Can you explain why are we adding a hardcoded runid. Can you clarify ?

those are unit tests :)

So for Unit tests do we have to hardcode the runid of an action ?

yes, in this case, we are pulling GH data with "retrieve_bucket_info" and running asserts to ensure it works

For the changes I made, we need to check whether it's an old bucket or new bucket, and this is done via run ID

We could also mock the network requests, in which case the run IDs could be arbitrary numbers. I started on that in https://github.com/ScottTodd/TheRock/tree/gha-test-mock.

I do like at least having the ability to test against the real github API with actual data though.

Yes, we have to use something dynamic instead of hardcode run IDs. Please check if there any methods to pull the run ID dynamically.

For pulling run IDs dynamically, it's fairly easy to do this for new jobs. for old jobs, this would be quite an effort on GH APIs and for unit tests.

Since these run IDs are known and usable numbers, I'm going to keep these static for unit testing

Can we add a TODO comment on that.

kiran-thumma · 2025-12-02T14:23:24Z

build_tools/github_actions/tests/github_actions_utils_test.py

        "GITHUB_TOKEN not set, skipping test that requires GitHub API access",
    )
    def test_retrieve_bucket_info_from_fork(self):
        # https://github.com/ROCm/TheRock/actions/runs/18023442478?pr=1596


If we can remove this commented lines and add some docs as comments for This function will be helpful to understand.

there are docs in retrieve_bucket_info, while this function is a unit test. let me know if more clarification is needed

Can you add comments where is the retreive_bucket_info. That might help who are looking at the code.

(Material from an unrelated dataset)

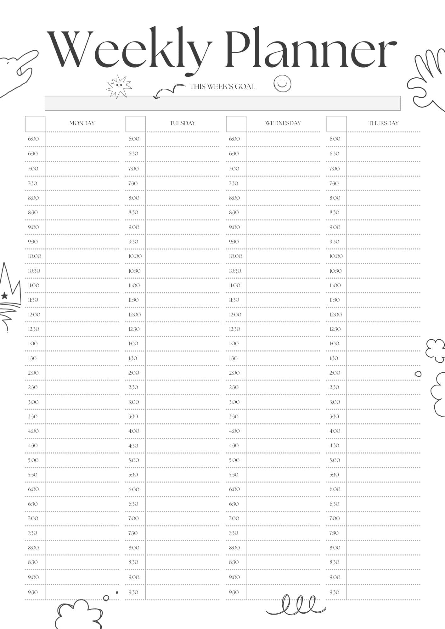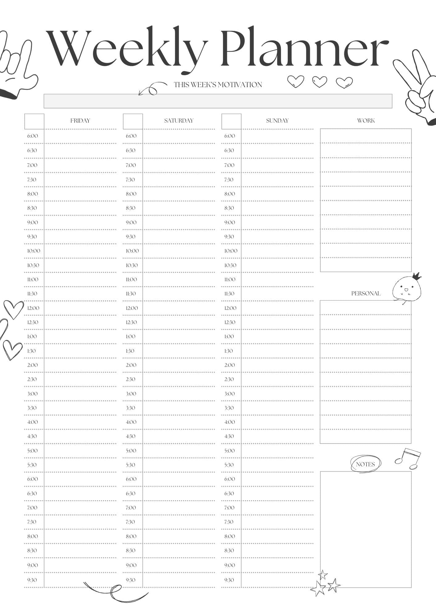 The Weekly Schedule Planner is a practical and easy-to-use tool designed to help you organize your time, increase productivity, and stay motivated throughout the week. This printable planner includes hourly slots from morning to evening for each day of the week, ensuring you can map out your schedule in detail and never miss an important task or appointment.

Since this is a unit test suite for github_action_utils and it is testing various functions from github_action_utils, I hope that is clear enough? similar to gha_query_workflow_run_information function

although if still confusing, i can add a comment if needed

kiran-thumma · 2025-12-02T14:24:30Z

build_tools/github_actions/tests/github_actions_utils_test.py

+        os.getenv("GITHUB_TOKEN"),
+        "GITHUB_TOKEN not set, skipping test that requires GitHub API access",
+    )
+    def test_retrieve_newer_bucket_info_from_rocm_libraries(self):


Same as above can you add some docs in comments explaining the function.

there are docs in retrieve_bucket_info, while this function is a unit test. let me know if more clarification is needed

kiran-thumma · 2025-12-02T16:54:20Z

build_tools/github_actions/tests/github_actions_utils_test.py

+    )
+    def test_retrieve_newer_bucket_info(self):
+        # https://github.com/ROCm/TheRock/actions/runs/19680190301
+        external_repo, bucket = retrieve_bucket_info("ROCm/TheRock", "19680190301")


Yes, we have to use something dynamic instead of hardcode run IDs. Please check if there any methods to pull the run ID dynamically.

kiran-thumma · 2025-12-02T16:55:38Z

build_tools/github_actions/tests/github_actions_utils_test.py

        external_repo, bucket = retrieve_bucket_info("ROCm/TheRock", "18023442478")
        self.assertEqual(external_repo, "ROCm-TheRock/")
-        self.assertEqual(bucket, "therock-ci-artifacts-external")
+        self.assertEqual(bucket, "therock-artifacts-external")


Can we add this bucket dynamically by using other variables instead of hardcode the bucket name.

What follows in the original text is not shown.